ACTION ITEM
Could you print the stretch of lines below from the one with "桌上擺放整齊的餐具,餐盤紙巾上都印有酒食坊LOGO非常醒目。" through the one with "在惠民街市园岭店,对进入市场", exactly as they stand and without any pictures?
*** THE DATA ***
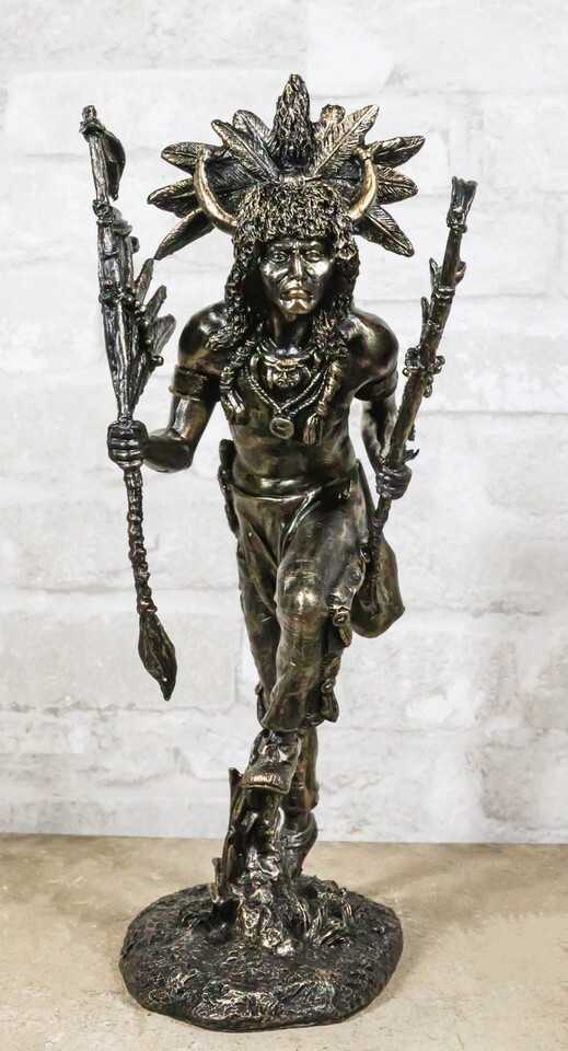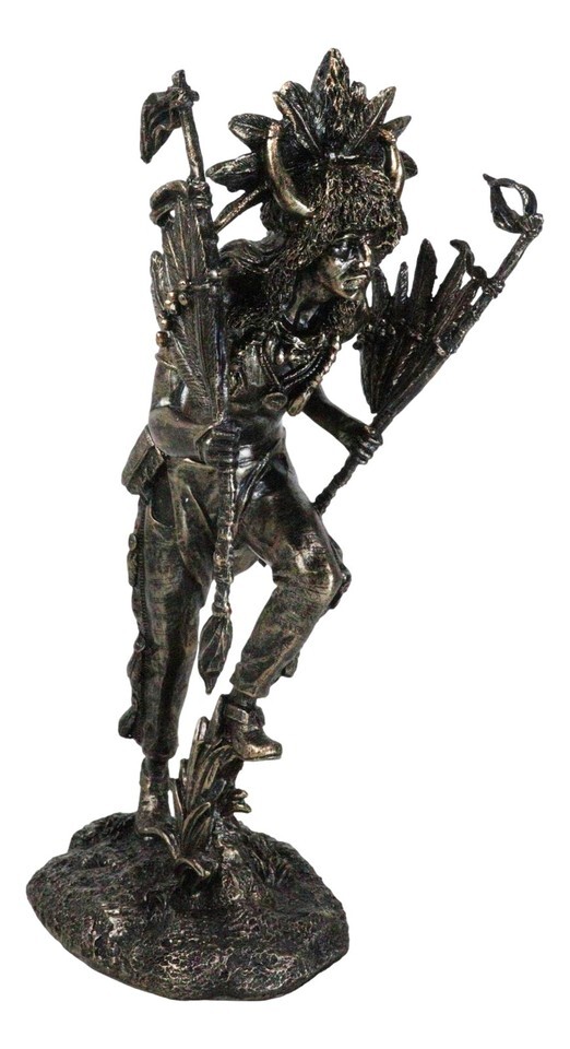 ? Celebrate the spirit of the Navajo Indian tribe with our intricately crafted figurine depicting a Tribal Warrior Hunter Chief. This powerful figurine features a Native American warrior adorned with traditional symbols, including a buffalo, bison, eagle feather, and more, embodying the cultural richness of the Navajo tribe. The warrior is poised with strength and reverence, reflecting the deep connection to nature and the spiritual significance of these symbols.
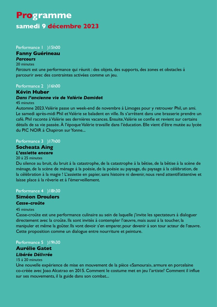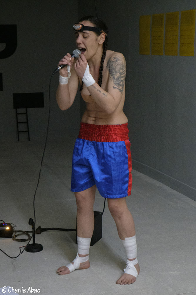 samedi 14 décembre 2024 17h00Mégalomania (30 km2) lecture-performance d’Anaïs MARION 19h00Art Noble vs Noble Art dans une exploration d’équilibriste sur Boxer sur porcelaine – au seuil de la chute performance engagée de Florent LAMOUROUX (artiste) avec Yamina KHERRADJI (boxeuse) sur une œuvre praticable de Kristina DEPAULIS réalisée avec Christian COUTY
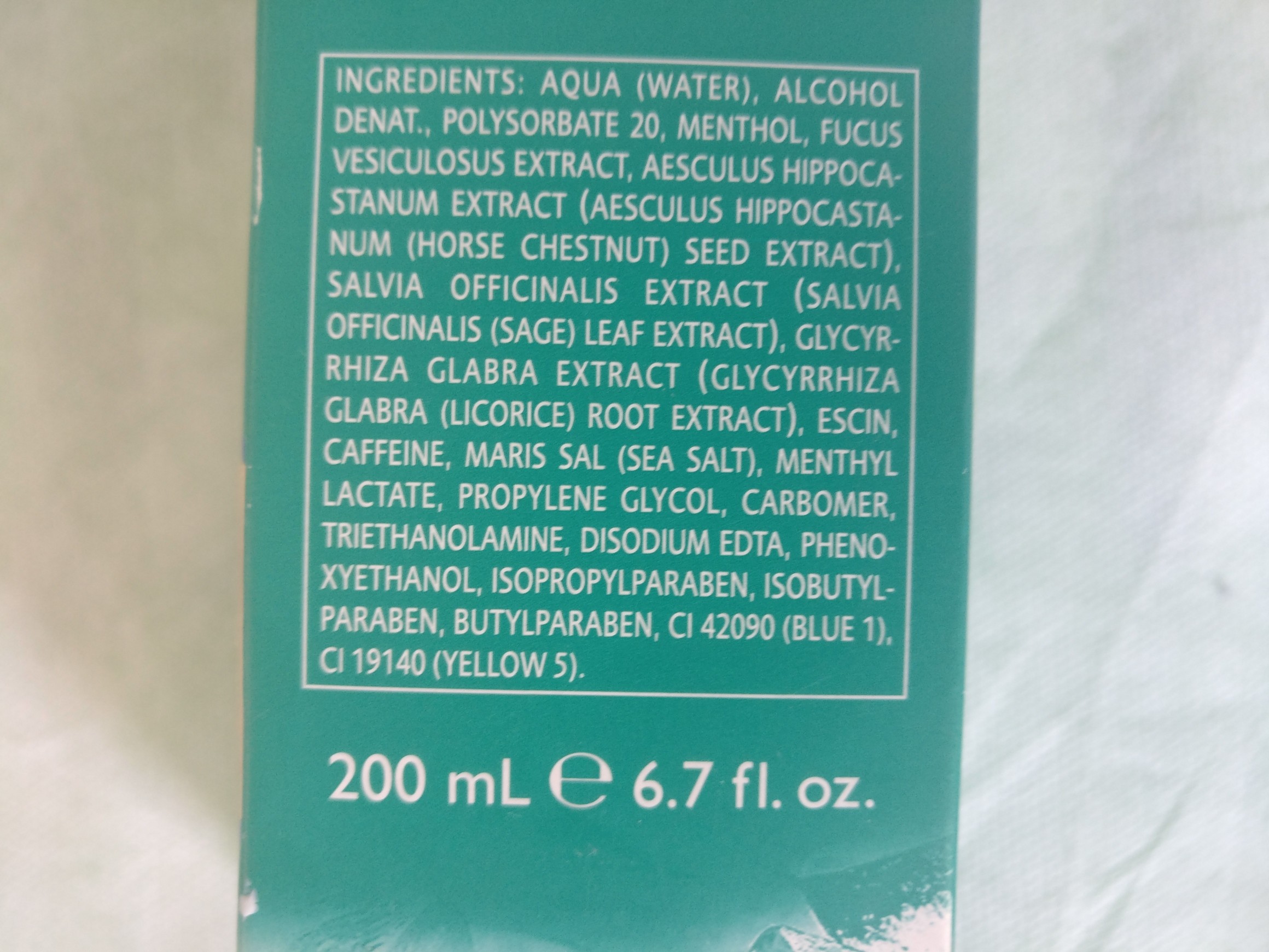 Questo gel contiene escina che aiuta a migliorare la microcircolazione e il drenaggio dei liquidi in eccesso, l’ estratto di ippocastano che rinforza le pareti dei capillari, la caffeina ed estratti di alghe che stimolano l’ azione lipolitica e oligoelementi del mar Morto che resistuiscono alla pelle elasticità.
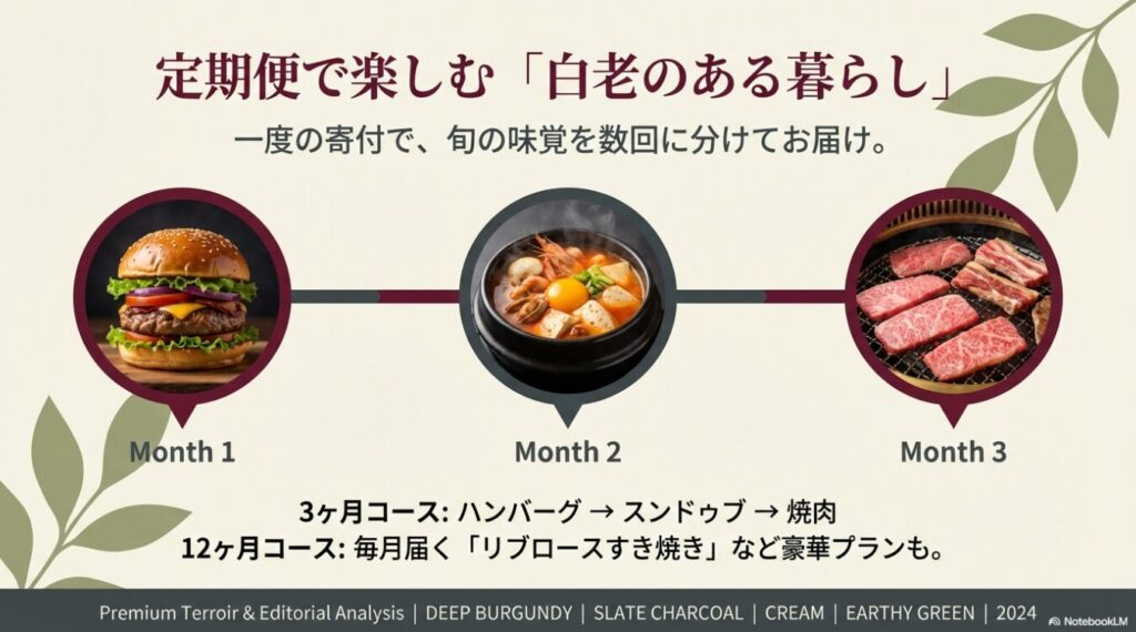 白老町の定期便は「期間」と「届く内容」のバリエーションがとても豊富で、ご家庭の消費ペースや好みに合わせて無駄なく選べるのが最大の魅力だったよ!
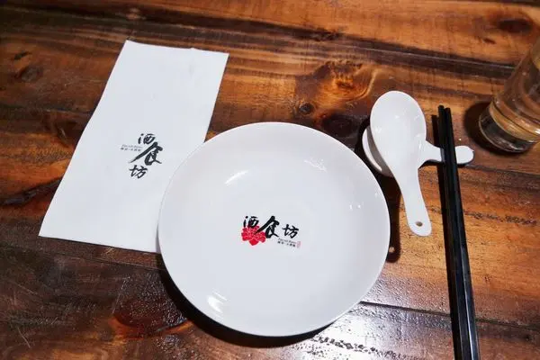 桌上擺放整齊的餐具,餐盤紙巾上都印有酒食坊LOGO非常醒目。
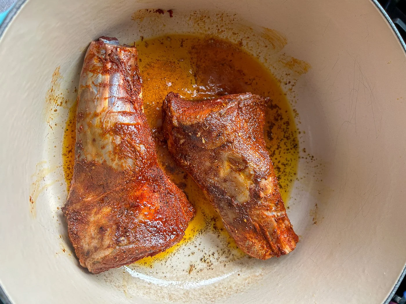 Into the fridge they go (and those are some meaty one pound lamb shanks) and the next day, when you’re ready to cook, you heat oil in a Dutch Oven and start to brown them. Careful! You don’t want to burn the spices. If the spices do burn, be sure to wipe them out with a paper towel before moving on to the next step, or you’ll have a very bitter braise.
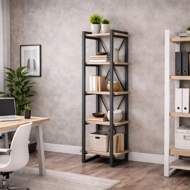 Шукаєте стильне рішення для невеликої кімнати? Вузький стелаж Айсберг Х2 — це ідеальний вибір для тих, хто цінує простір. Завдяки ширині всього 48 см, він легко поміститься там, де не стануть звичайні шафи: у вузькому коридорі, ніші у ванній кімнаті або в кутку домашнього офісу. Особливість моделі — чорний колір металевого каркасу. Це надає меблям візуальної легкості та свіжості, що особливо важливо для невеликих приміщень. Незважаючи на компактні розміри, це не хитка етажерка. Каркас виготовлено з металевого профілю 20×40 мм, що забезпечує неймовірну стійкість. Ламіноване ДСП товщиною 16 мм витримує значні навантаження. Ви можете сміливо ставити важкі книги, документи або великі вазони з квітами — полиці не прогинаються. Чорна структура гармонійно поєднується з будь-яким кольором стін та декору, додаючи інтер'єру сучасності. Купити чорний стелаж Айсберг Х1 — це додати світла та порядку у ваш дім.
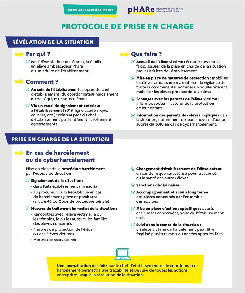 Vous pouvez également contacter le 3020, numéro national pour les victimes de harcèlement ou le 3018 en cas de cyberharcèlement.
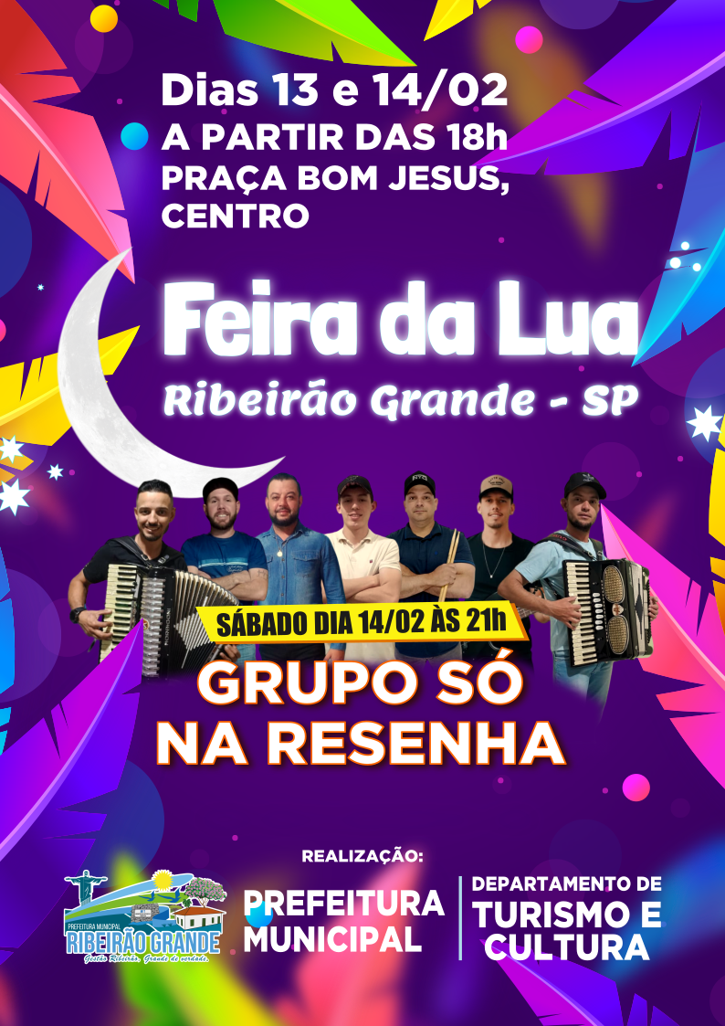 Vem aí a Feira da Lua nos dias 13 e 14 de fevereiro a partir das 18h na Praça Bom Jesus, Centro de Ribeirão Grande.
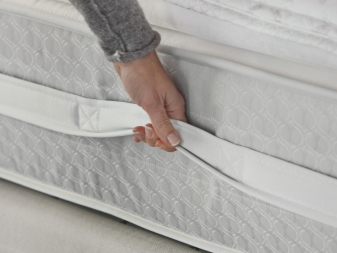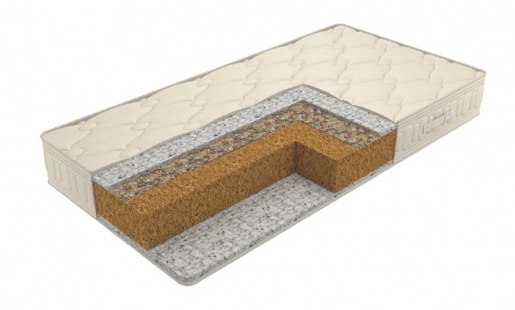 Ein zusätzlicher Vorteil ist das Vorhandensein von dekorativen Griffen mit belüfteten Eigenschaften, die Luft frei im Inneren zirkulieren lassen. Zusammen mit dem Kokos in der Matratze verwendet Hollow Fiber. Der Bezug mit tiefem, konvexem Stich besteht aus Strick- oder Jacquard-Baumwolle.
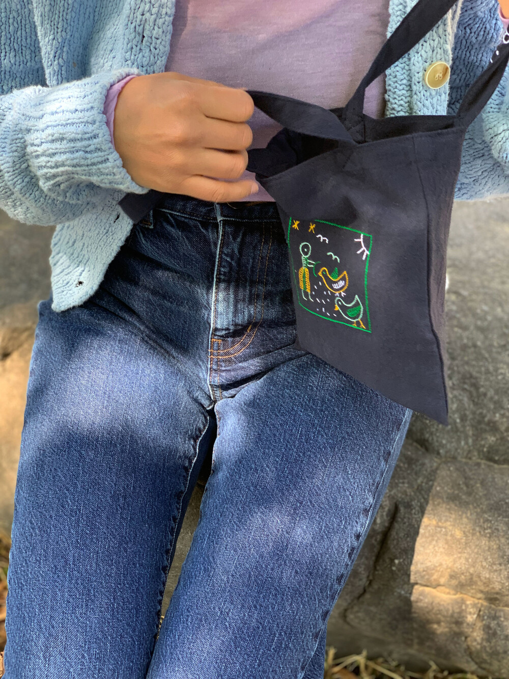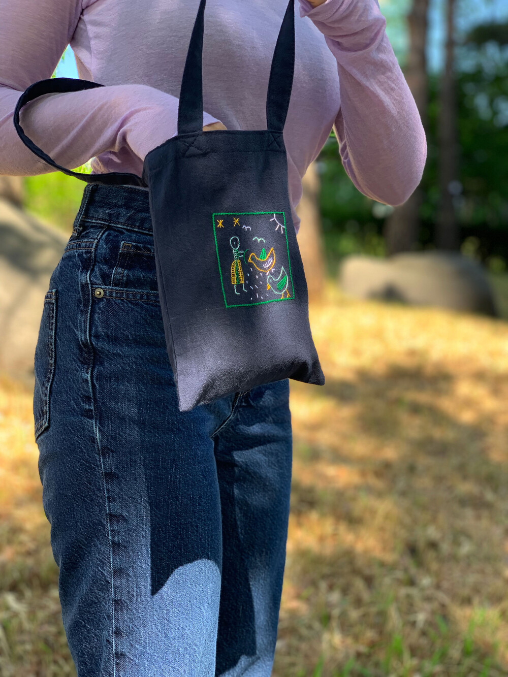눈을 감고 올록볼록 자수를 만져보며 이야기를 상상해보세요.
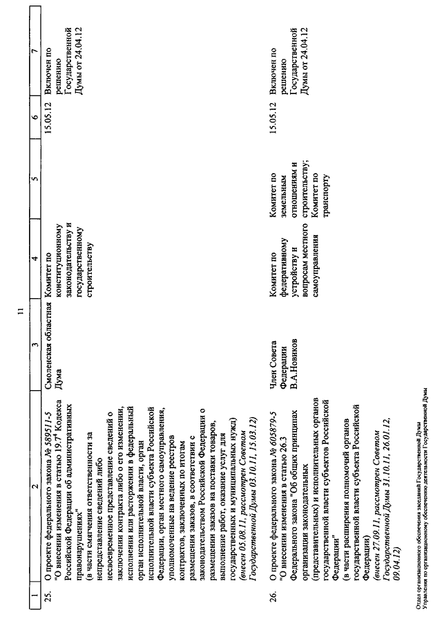 "О КАЛЕНДАРЕ РАССМОТРЕНИЯ ВОПРОСОВ ГОСУДАРСТВЕННОЙ ДУМОЙ С 15 ПО 25 МАЯ 2012 ГОДА"
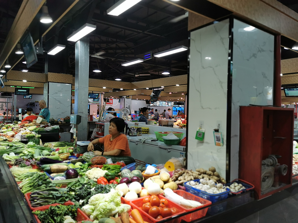 在惠民街市园岭店,对进入市场的食品执行严格的市场准入制度,落实“一猪一票”“一货一票”,台账记录上传至智慧农贸系统后台。市场统一为经营者配备了智能电子秤,室内所有档口均可无现金支付,还设了独立的食品检测室,配套智能数码检测仪等设施及时对市场内所经营的大部分食品进行农残检测。同时,升级改造后的市场将智能电子秤、农残检测、监控等设备接入网络平台,实现智能联网管理。
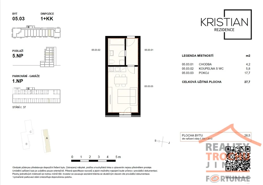 Nabízíme k pronájmu nový byt v Rezidenci Kristian o dispozici 1+kk, ve vyhledávané lokalitě v Hradci Králové – Moravské Předměstí. Byt se nachází v 5. patře zděného domu s výtahem. Celková plocha bytu činí 28 m2.
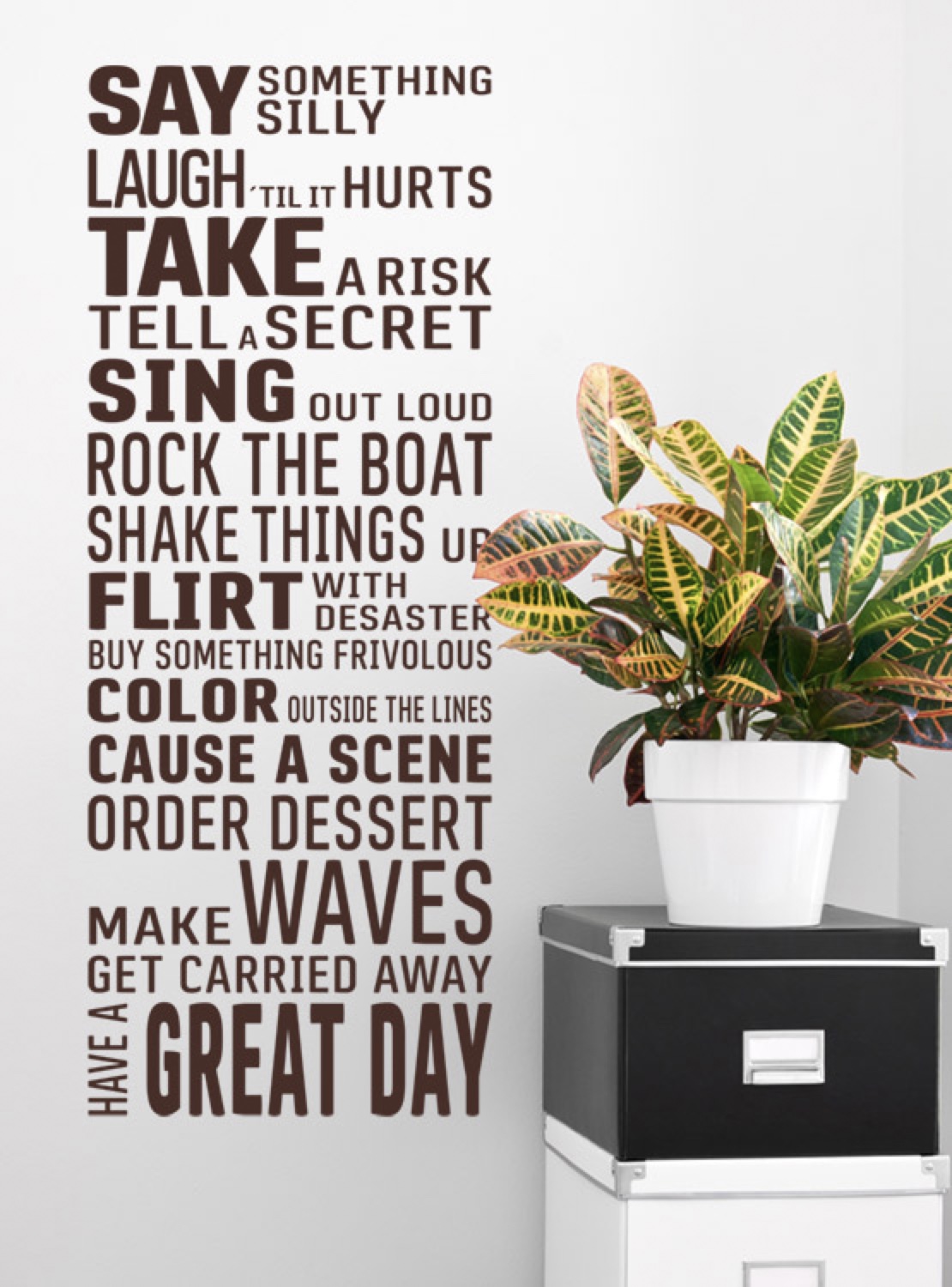 Englische Worte: Zitate, Tiefsinniges, weniger Tiefsinniges, Lustiges, Erstaunliches. Für alle Liebhaber der englischen Sprache. Für viele Menschen klingen Zitate in Englisch einfach besser. Vielleicht finden Sie hier Ihr Wunsch-Wandtattoo!
*** End of THE DATA ***
SOLUTION TO THIS EXERCISE
 桌上擺放整齊的餐具,餐盤紙巾上都印有酒食坊LOGO非常醒目。
 Into the fridge they go (and those are some meaty one pound lamb shanks) and the next day, when you’re ready to cook, you heat oil in a Dutch Oven and start to brown them. Careful! You don’t want to burn the spices. If the spices do burn, be sure to wipe them out with a paper towel before moving on to the next step, or you’ll have a very bitter braise.
 Шукаєте стильне рішення для невеликої кімнати? Вузький стелаж Айсберг Х2 — це ідеальний вибір для тих, хто цінує простір. Завдяки ширині всього 48 см, він легко поміститься там, де не стануть звичайні шафи: у вузькому коридорі, ніші у ванній кімнаті або в кутку домашнього офісу. Особливість моделі — чорний колір металевого каркасу. Це надає меблям візуальної легкості та свіжості, що особливо важливо для невеликих приміщень. Незважаючи на компактні розміри, це не хитка етажерка. Каркас виготовлено з металевого профілю 20×40 мм, що забезпечує неймовірну стійкість. Ламіноване ДСП товщиною 16 мм витримує значні навантаження. Ви можете сміливо ставити важкі книги, документи або великі вазони з квітами — полиці не прогинаються. Чорна структура гармонійно поєднується з будь-яким кольором стін та декору, додаючи інтер'єру сучасності. Купити чорний стелаж Айсберг Х1 — це додати світла та порядку у ваш дім.
 Vous pouvez également contacter le 3020, numéro national pour les victimes de harcèlement ou le 3018 en cas de cyberharcèlement.
 Vem aí a Feira da Lua nos dias 13 e 14 de fevereiro a partir das 18h na Praça Bom Jesus, Centro de Ribeirão Grande.
 Ein zusätzlicher Vorteil ist das Vorhandensein von dekorativen Griffen mit belüfteten Eigenschaften, die Luft frei im Inneren zirkulieren lassen. Zusammen mit dem Kokos in der Matratze verwendet Hollow Fiber. Der Bezug mit tiefem, konvexem Stich besteht aus Strick- oder Jacquard-Baumwolle.
눈을 감고 올록볼록 자수를 만져보며 이야기를 상상해보세요.
 "О КАЛЕНДАРЕ РАССМОТРЕНИЯ ВОПРОСОВ ГОСУДАРСТВЕННОЙ ДУМОЙ С 15 ПО 25 МАЯ 2012 ГОДА"
 在惠民街市园岭店,对进入市场的食品执行严格的市场准入制度,落实“一猪一票”“一货一票”,台账记录上传至智慧农贸系统后台。市场统一为经营者配备了智能电子秤,室内所有档口均可无现金支付,还设了独立的食品检测室,配套智能数码检测仪等设施及时对市场内所经营的大部分食品进行农残检测。同时,升级改造后的市场将智能电子秤、农残检测、监控等设备接入网络平台,实现智能联网管理。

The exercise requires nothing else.